Henry Fernandez LAW ’94 is another mayoral candidate who, like Elicker, opposed the sale of High and Wall streets to the University. He said that the best way New Haven and Yale can have an equal partnership is to strengthen the city financially, so that the town does not have to come to the gown, “hat in hand.”

Fernandez said that he already spoke to Yale School of Management Dean Edward Snyder about creating a premier program at the SOM for school principals. The program would include clinical work in New Haven Public Schools, with the goal that some participants would remain in the Elm City, Fernandez said.

Programs like this, he explained, will succeed because they do not treat New Haven as a charity case but rather bank on Yale’s investment in future leaders.
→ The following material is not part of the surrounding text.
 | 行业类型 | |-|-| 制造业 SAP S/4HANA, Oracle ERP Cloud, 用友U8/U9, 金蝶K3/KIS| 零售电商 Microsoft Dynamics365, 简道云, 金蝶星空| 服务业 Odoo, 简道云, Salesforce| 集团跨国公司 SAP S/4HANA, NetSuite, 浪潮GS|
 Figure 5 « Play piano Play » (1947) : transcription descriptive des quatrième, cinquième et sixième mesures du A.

Toni Harp ARC ’78 praised Yale’s relationship with New Haven when it came to programs like the Payment-in-lieu-of-Taxes program and the New Haven Promise, but said that New Haven needs more support in its surrounding neighborhoods. She said that the city primarily needs financial support from Yale and that Yale’s “intellectual expertise” could help creates jobs in New Haven.
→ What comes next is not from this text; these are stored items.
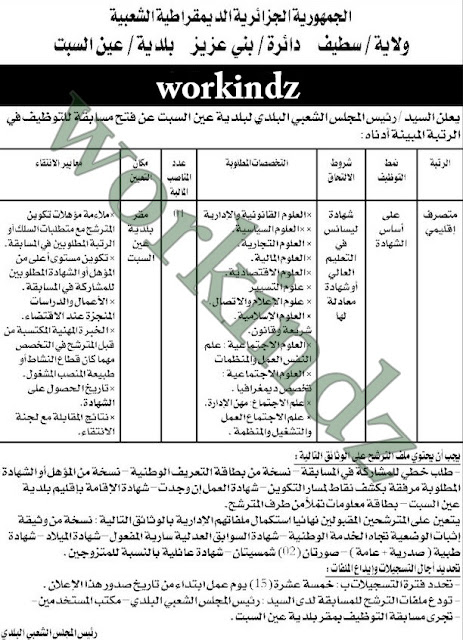 إعلان التوظيف بلدية عين السبت دائرة بني عزيز ولاية سطيف جانفي 2017
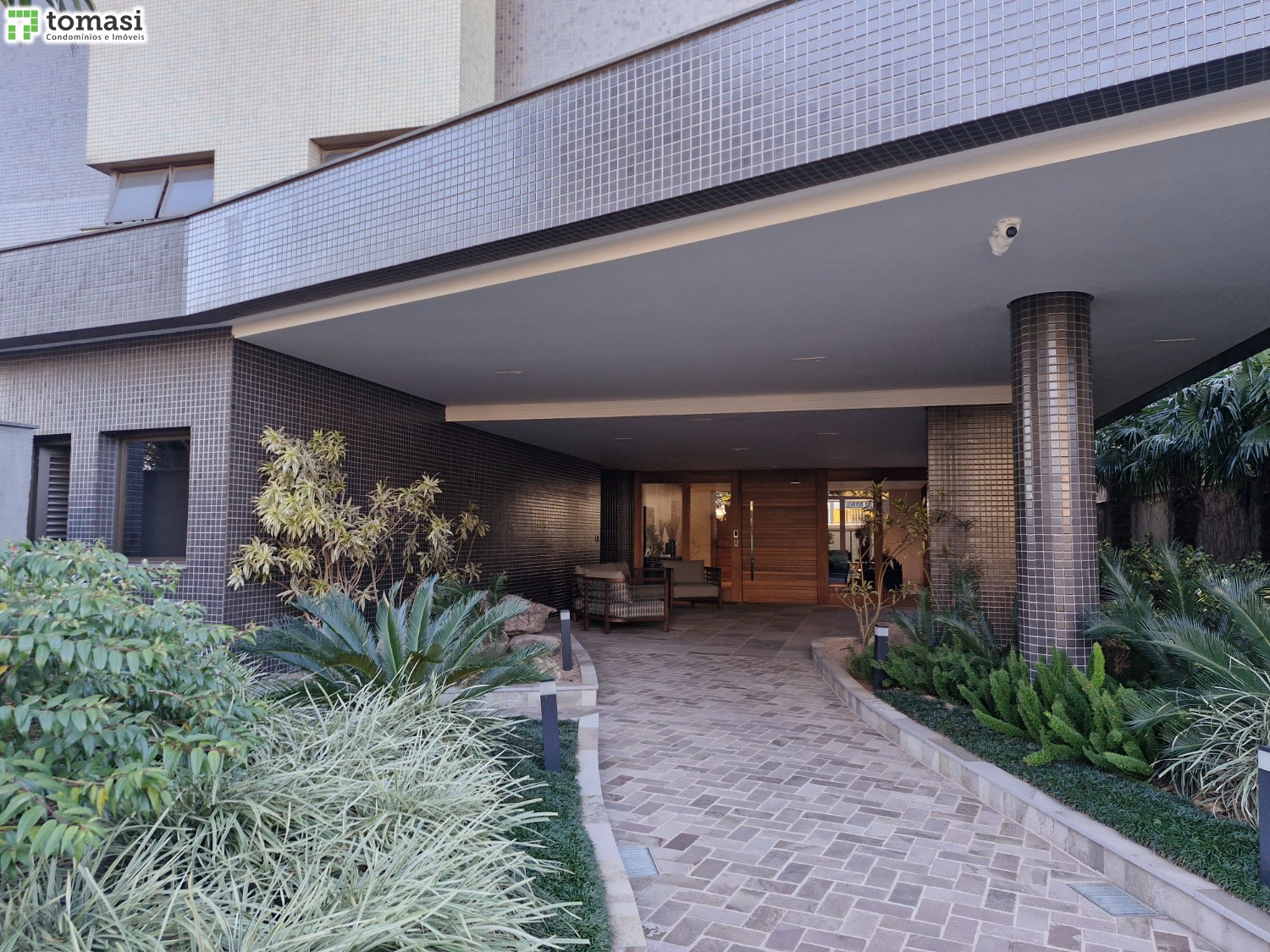 Prédio todo pastilhado.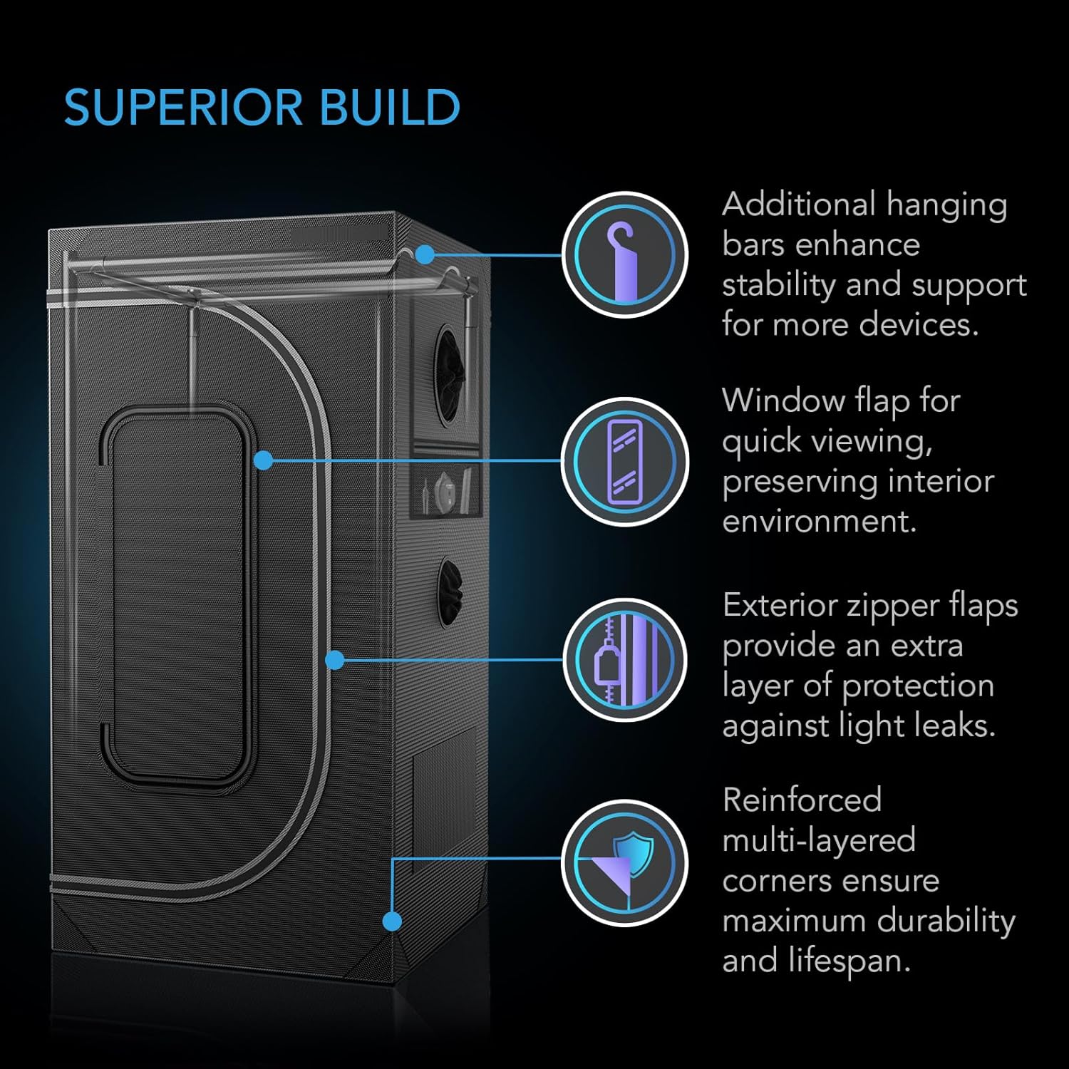 - Advanced grow tent designed with lab-tested reflective mylar for maximum light efficiency, taller windows for clear visibility, and enhanced light-blocking technology.

The final mayoral candidate, Hillhouse High School principal Kermit Carolina, said that Yale can continue to support New Haven by helping youth in New Haven as mentors or with after school activities. He added that he would like to piggyback off of Yale’s Homebuyers Program and extend it to policemen, firefighters and educators in the city. In his opinion, Yale could “certainly” do a “lot more” for the city financially.

Salovey declined to comment on the mayoral race, except to say the he is “looking forward to working closely with whomever the people of New Haven elect as their new mayor.” The city and University, he said, are “lucky” to have four “thoughtful and energetic” candidates in the race.

The festivities may be just as revelrous as they were 20 years ago, but Salovey will face a remarkably changed Yale and New Haven when he is inaugurated this October. Like Levin, Salovey said he will speak to the University’s relationship with its city, but he will do so after a decades-long mending process.

While reflecting on his efforts to improve relations with the city, Levin sat in a chair just a few feet from where he made his own opening speech pledging to bridge the gap between Yale and New Haven. He smiled when asked whether town-gown relations improved the way he wanted.

“Even better,” Levin said. “It turned out better than I would have hoped.”